Editoria de Saúde - Revisado: 23 de Dezembro de 2016
É importante que você lembre-se sempre de que, na maioria das vezes, o produtor quer dinheiro no bolso, e acredite, não está nem um pouco preocupado com a saúde de quem consome aquilo que produz...
"Uma mudança cuja intenção seja melhorar a qualidade de vida contempla em primeiro lugar uma radical reforma nos hábitos alimentares..."

Se você se deixar levar pela aparência bonita e brilhante dos alimentos expostos nas gôndolas dos supermercados, acredite, está perdido...
Para compreender o problema dos Agrotóxicos...
Embora seja do conhecimento de todos, a contaminação dos alimentos de origem vegetal, apesar de ser um problema recorrente, parece não preocupar as autoridades que deveriam cuidar da saúde pública. Ocorre que as autoridades encarregadas de coibir os abusos são também os agentes que autorizam o uso indiscriminado dos pesticidas tóxicos.
Da parte do consumidor, ele acredita que a agência que deveria atuar como reguladora do uso desses venenos, cumpre seu papel. E assim acaba levando para casa produtos alimentícios recheados com inseticidas de última geração, ingredientes químicos que silenciosamente irão destruir sua valiosa saúde.
É o que mostram os relatórios que eventualmente, por força de decretos legais, são disponibilizados ao público interessado. E embora saibamos que se tratam de números que não retratam a verdadeira face do mal, ainda assim poderão servir como referência para refletirmos sobre o tamanho e gravidade do problema.
Assim, ficamos sabendo que a Agência Nacional de Vigilância Sanitária - Anvisa, analisou, no período de 2011 e 2012, 3.062 amostras de 25 culturas vegetais que deveriam ser permanentemente monitoradas.
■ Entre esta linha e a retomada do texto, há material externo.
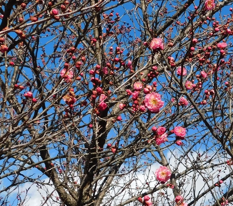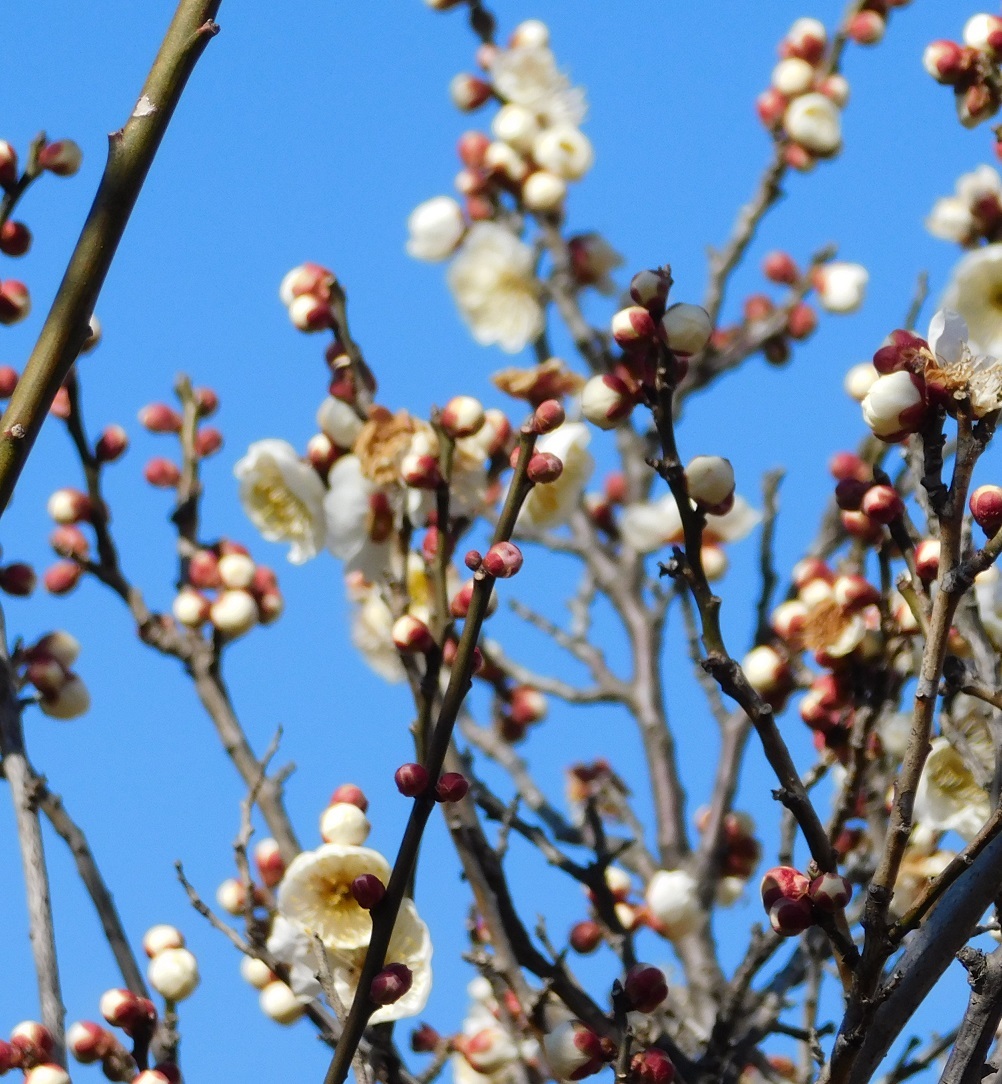 こんばんは❗梅、かわいいですね~青空とのコントラストがとても美しいと思いました。

Destas, 32%, um número 14% acima do levantamento de 2010, estavam "insatisfatórias para o consumo." É claro que o termo "insatisfatório para o consumo" é um eufemismo, uma vez que a expressão correta deveria ser: "Impróprio para qualquer Consumo."
Eis o Resumo do Estudo:
No caso do levantamento da Anvisa, os "organofosforados", substâncias presentes nos Acaricidas, fungicidas, Inseticidas, Bactericidas, Cupinicidas e Formicidas, compostos químicos com potencial para destruir células musculares e comprometer o sistema nervoso, provocando ainda problemas cardiorrespiratórios, estavam presentes em mais da metade das amostras irregulares.
O relatório final do Programa de Análise de Resíduos de Agrotóxicos de Alimentos destaca que as doenças crônicas não transmissíveis – que têm os agrotóxicos entre seus agentes causadores – são hoje um problema mundial de saúde pública.
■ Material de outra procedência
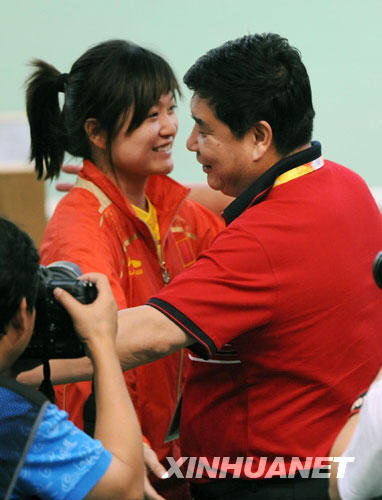 中國選手郭文珺(左)與中國射擊隊(duì)總教練王義夫擁抱,慶祝勝利。新華社記者 李尕?cái)z(來源:新華網(wǎng))

Segundo estimativa da Organização Mundial da Saúde (OMS), elas são responsáveis por 63% das 57 milhões de mortes declaradas no mundo em 2008, e por aproximadamente 50% do volume global de doenças.
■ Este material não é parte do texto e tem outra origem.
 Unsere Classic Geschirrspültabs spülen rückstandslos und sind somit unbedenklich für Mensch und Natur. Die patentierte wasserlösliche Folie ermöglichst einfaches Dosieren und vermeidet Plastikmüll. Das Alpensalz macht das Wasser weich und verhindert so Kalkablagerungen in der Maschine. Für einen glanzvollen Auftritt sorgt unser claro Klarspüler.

A OMS prevê um aumento de 15%, entre 2016 e 2020, dos óbitos causados por essas doenças. No Brasil, elas já representam a principal causa de óbito, sendo responsáveis por 74% das mortes ocorridas em 2008 (893.900 óbitos).
Para aqueles que não sabem, ou seja, a maioria dos conusumidores, o mercado brasileiro de agrotóxicos é o maior do mundo, com 107 empresas aptas a registrar produtos, e representa 16% do mercado mundial. Somente em 2009 foram vendidas mais de 780 mil toneladas de produtos no país. Além disso, o Brasil também ocupa a sexta posição no ranking mundial de importação de agrotóxicos, sem contar o contrabando de substâncias "piratas" cujo uso é proibido na maioria dos países, até mesmo aqui entre nós.
Eis Outros resultados do levantamento de 2011 a 2012:
Foram encontrados, de acordo com o número de pesticidas usados nas culturas avaliadas, venenos ainda desconhecidos dos próprios técnicos da ANVISA, ou seja, nunca registrados no Brasil. E quando analisadas amostras por distribuidores, ou seja, desde o produtor até o embalador, a coisa fica ainda mais feia. O quadro abaixo destaca o percentual de amostras contaminadas por agrotóxicos de acordo com a cadeia Distribuidor/Produtor.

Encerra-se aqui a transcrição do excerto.